» **Records for the exercise**

=== Begin Enclosure ===

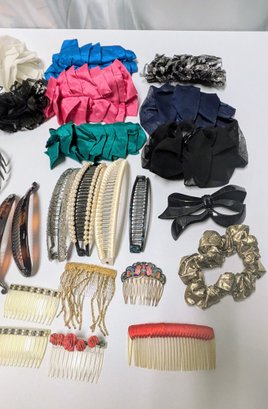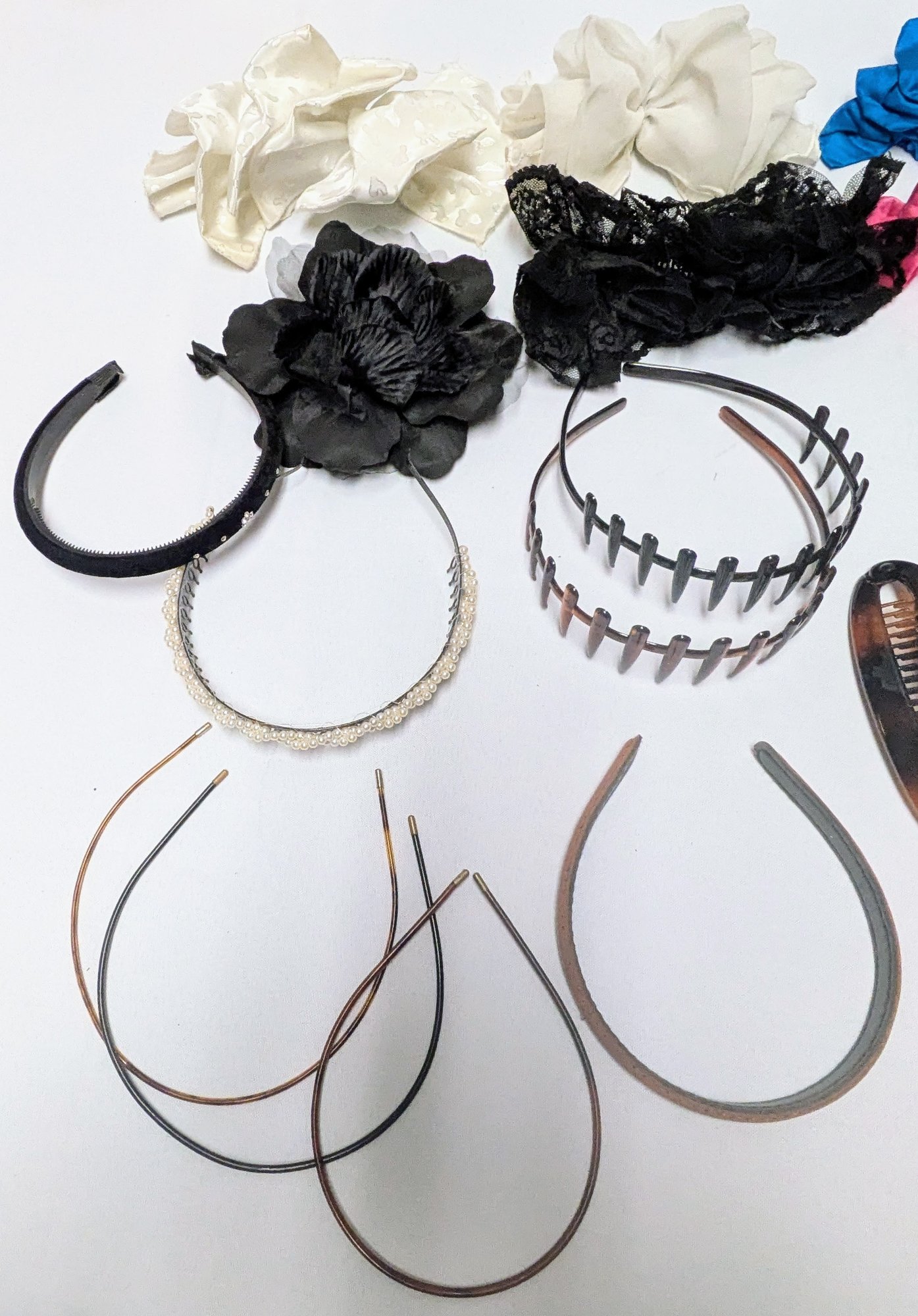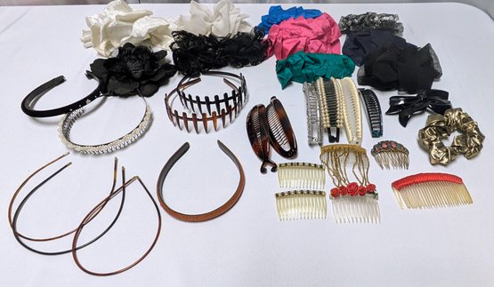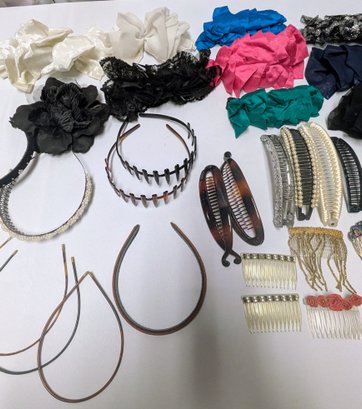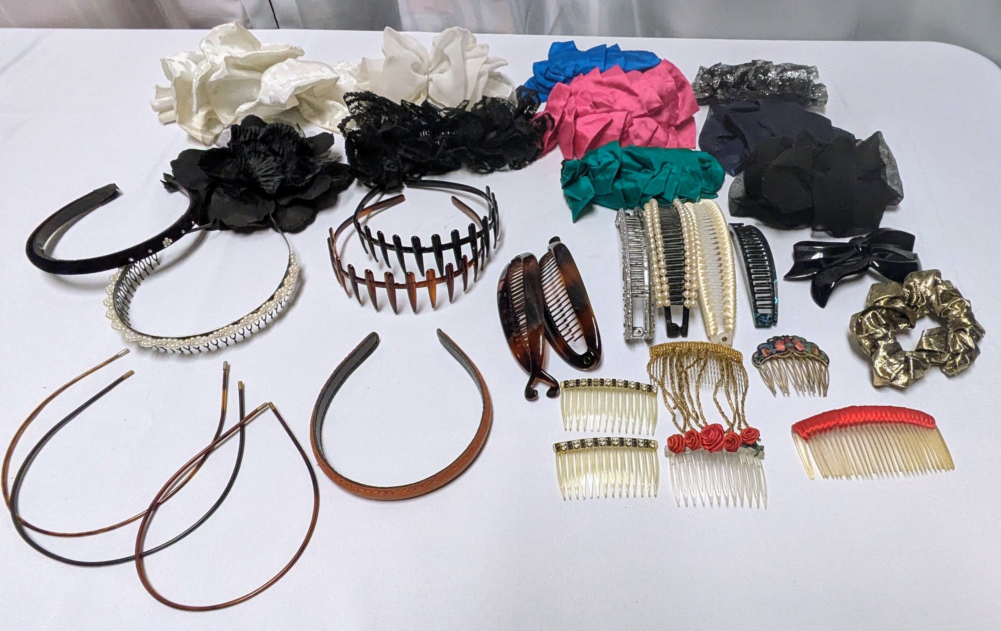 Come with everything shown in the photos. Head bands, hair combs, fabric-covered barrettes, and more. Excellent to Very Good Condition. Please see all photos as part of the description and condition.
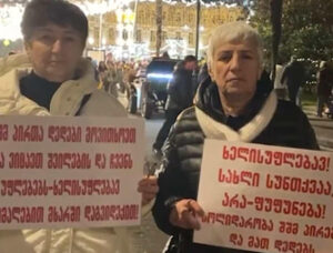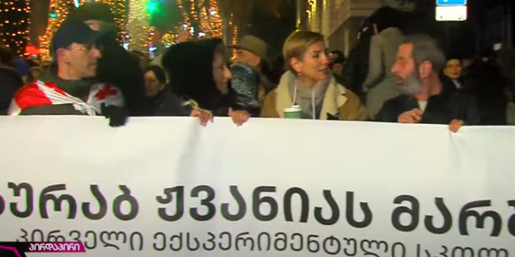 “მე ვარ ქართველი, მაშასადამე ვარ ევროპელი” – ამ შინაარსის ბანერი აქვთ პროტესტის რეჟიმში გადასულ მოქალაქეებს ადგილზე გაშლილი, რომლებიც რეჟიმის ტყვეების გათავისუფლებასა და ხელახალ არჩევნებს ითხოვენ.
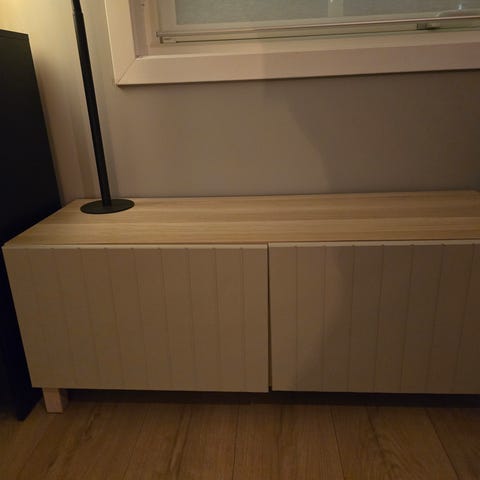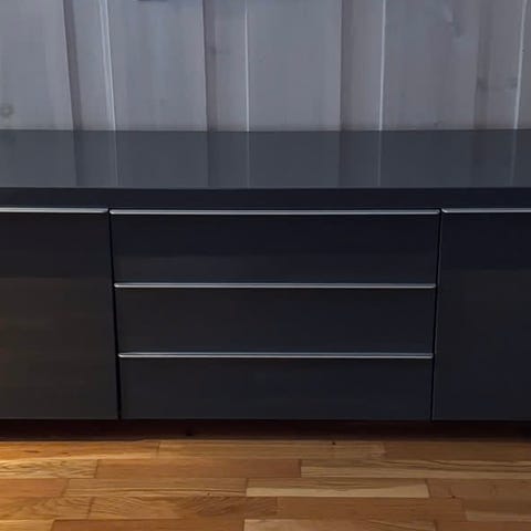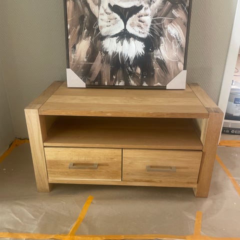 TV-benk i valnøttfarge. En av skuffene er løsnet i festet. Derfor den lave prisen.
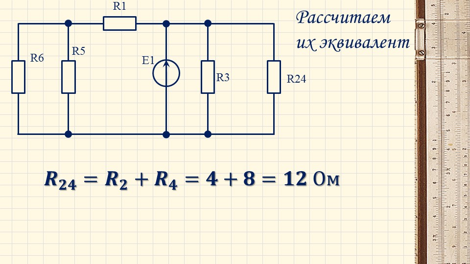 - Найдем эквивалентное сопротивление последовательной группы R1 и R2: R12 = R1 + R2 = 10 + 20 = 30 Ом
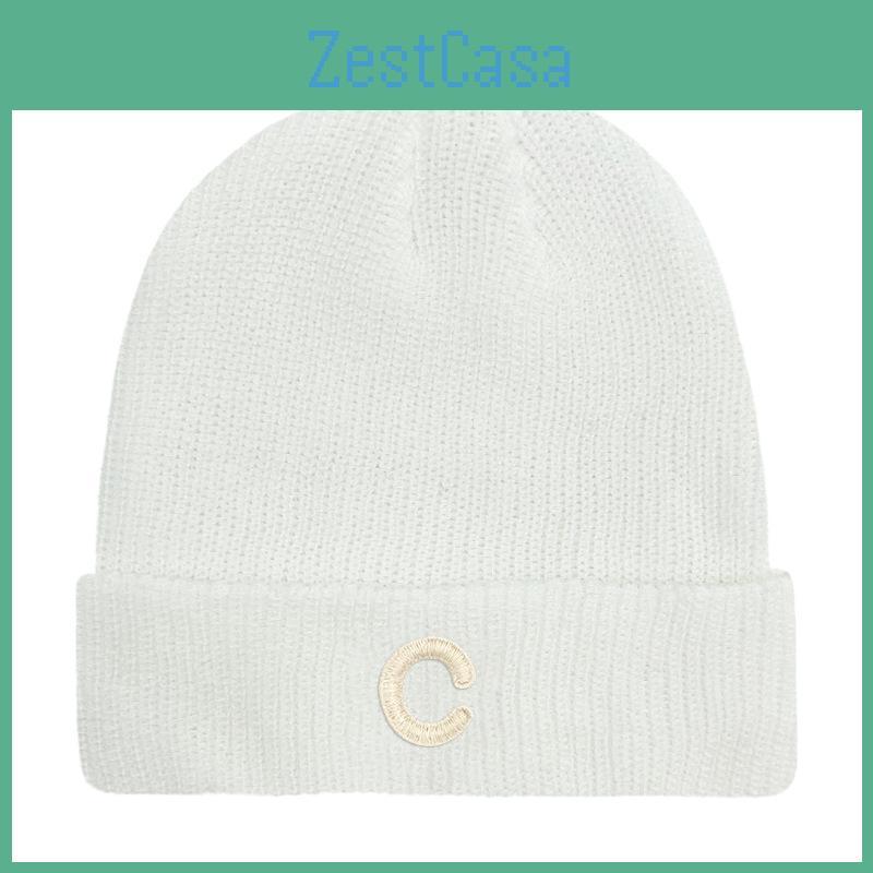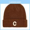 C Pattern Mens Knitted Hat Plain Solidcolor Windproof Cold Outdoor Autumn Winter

=== End Enclosure ===

» **Task to complete**
Repeat all of the entries above exactly. Keep pictures out of it.

» **Task answer**
 Come with everything shown in the photos. Head bands, hair combs, fabric-covered barrettes, and more. Excellent to Very Good Condition. Please see all photos as part of the description and condition.
 “მე ვარ ქართველი, მაშასადამე ვარ ევროპელი” – ამ შინაარსის ბანერი აქვთ პროტესტის რეჟიმში გადასულ მოქალაქეებს ადგილზე გაშლილი, რომლებიც რეჟიმის ტყვეების გათავისუფლებასა და ხელახალ არჩევნებს ითხოვენ.
 TV-benk i valnøttfarge. En av skuffene er løsnet i festet. Derfor den lave prisen.
 - Найдем эквивалентное сопротивление последовательной группы R1 и R2: R12 = R1 + R2 = 10 + 20 = 30 Ом
 C Pattern Mens Knitted Hat Plain Solidcolor Windproof Cold Outdoor Autumn Winter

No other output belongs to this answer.